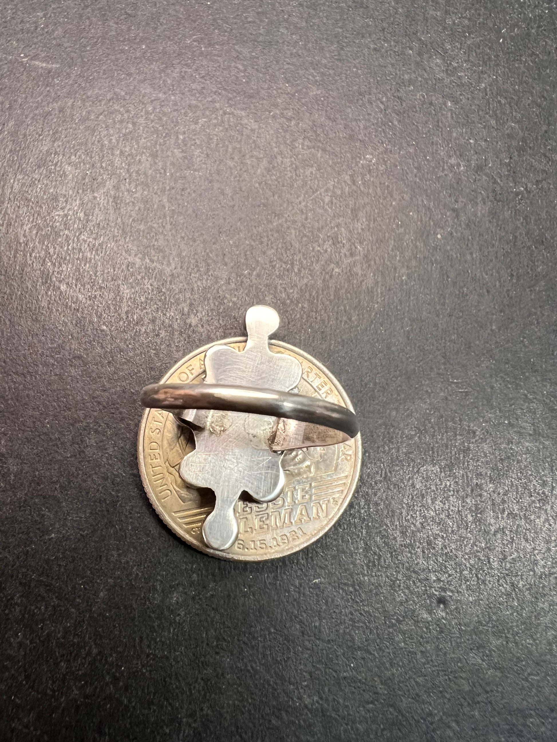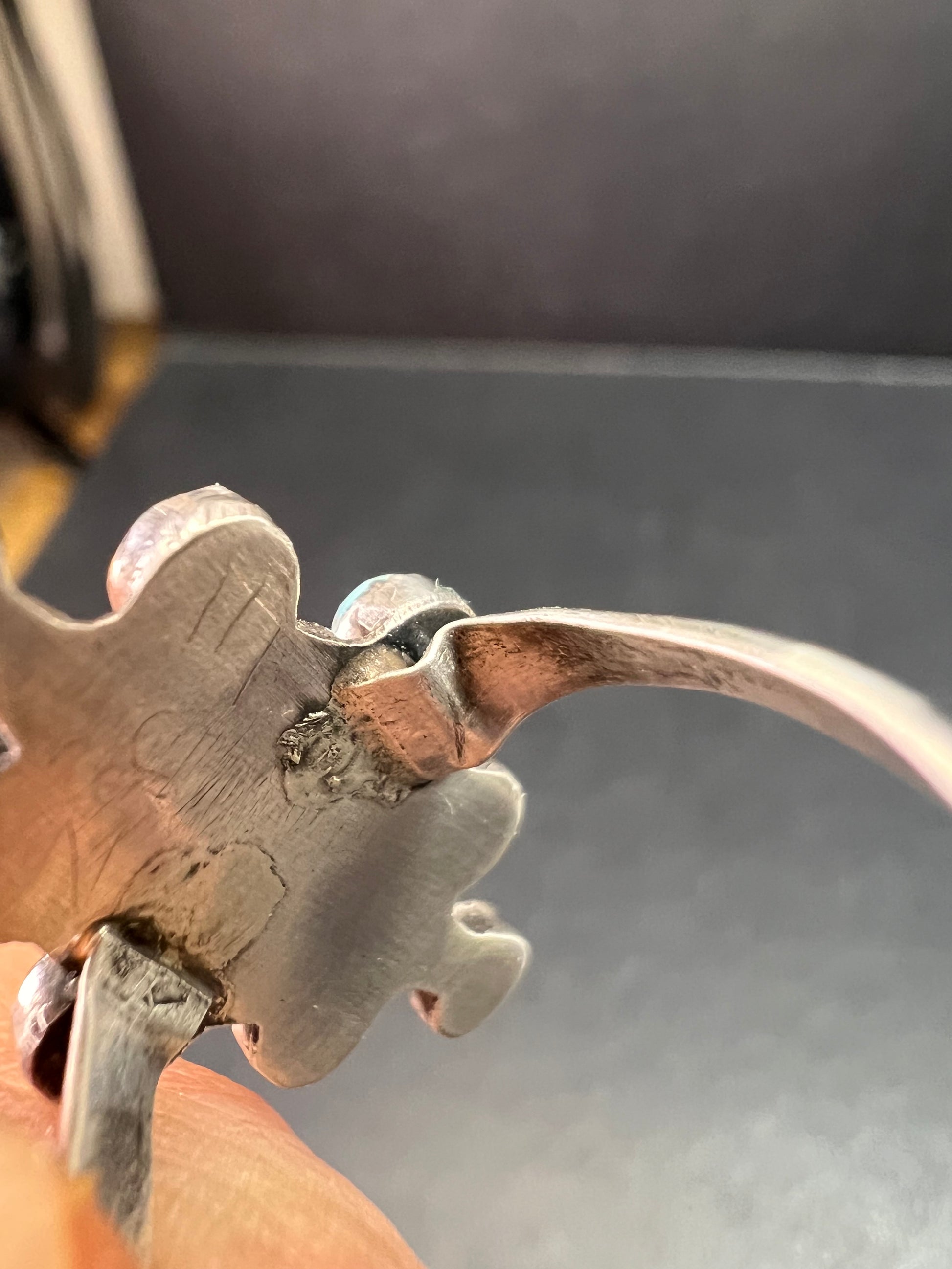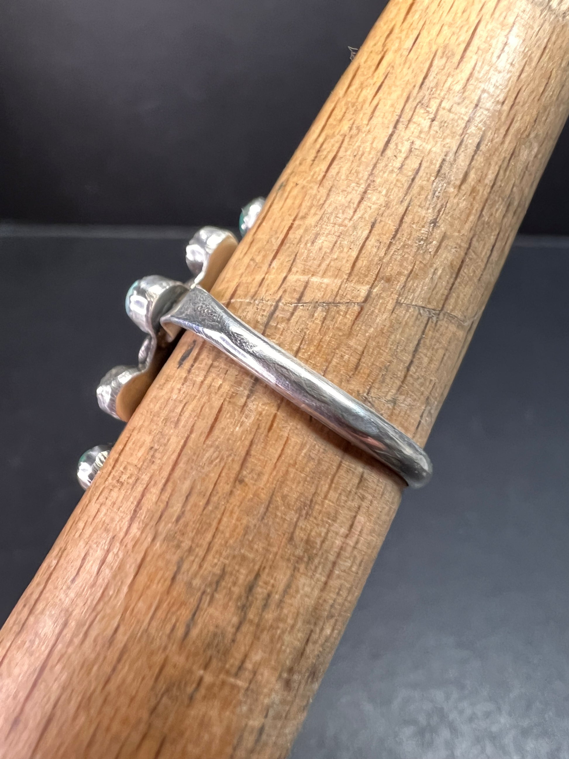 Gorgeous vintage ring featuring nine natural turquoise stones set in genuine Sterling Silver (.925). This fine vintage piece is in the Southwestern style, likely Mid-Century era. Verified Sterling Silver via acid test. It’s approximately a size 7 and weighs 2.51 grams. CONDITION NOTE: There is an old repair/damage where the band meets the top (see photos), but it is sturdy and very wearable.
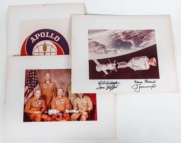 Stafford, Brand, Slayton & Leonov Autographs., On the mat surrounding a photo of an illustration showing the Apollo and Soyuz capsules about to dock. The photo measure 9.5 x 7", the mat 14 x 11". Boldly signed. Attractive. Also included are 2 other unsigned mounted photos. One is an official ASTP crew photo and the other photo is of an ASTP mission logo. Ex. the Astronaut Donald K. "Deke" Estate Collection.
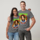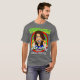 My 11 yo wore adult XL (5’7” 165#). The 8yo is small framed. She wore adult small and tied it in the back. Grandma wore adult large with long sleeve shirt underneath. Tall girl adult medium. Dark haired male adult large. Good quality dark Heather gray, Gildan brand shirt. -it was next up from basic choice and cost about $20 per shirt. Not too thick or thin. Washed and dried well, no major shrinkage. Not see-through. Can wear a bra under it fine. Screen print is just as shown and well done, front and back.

EXERCISE: Before handing back the copy, remove the pictures; otherwise print the data exactly.

YOUR RESPONSE:
 Gorgeous vintage ring featuring nine natural turquoise stones set in genuine Sterling Silver (.925). This fine vintage piece is in the Southwestern style, likely Mid-Century era. Verified Sterling Silver via acid test. It’s approximately a size 7 and weighs 2.51 grams. CONDITION NOTE: There is an old repair/damage where the band meets the top (see photos), but it is sturdy and very wearable.
 Stafford, Brand, Slayton & Leonov Autographs., On the mat surrounding a photo of an illustration showing the Apollo and Soyuz capsules about to dock. The photo measure 9.5 x 7", the mat 14 x 11". Boldly signed. Attractive. Also included are 2 other unsigned mounted photos. One is an official ASTP crew photo and the other photo is of an ASTP mission logo. Ex. the Astronaut Donald K. "Deke" Estate Collection.
 My 11 yo wore adult XL (5’7” 165#). The 8yo is small framed. She wore adult small and tied it in the back. Grandma wore adult large with long sleeve shirt underneath. Tall girl adult medium. Dark haired male adult large. Good quality dark Heather gray, Gildan brand shirt. -it was next up from basic choice and cost about $20 per shirt. Not too thick or thin. Washed and dried well, no major shrinkage. Not see-through. Can wear a bra under it fine. Screen print is just as shown and well done, front and back.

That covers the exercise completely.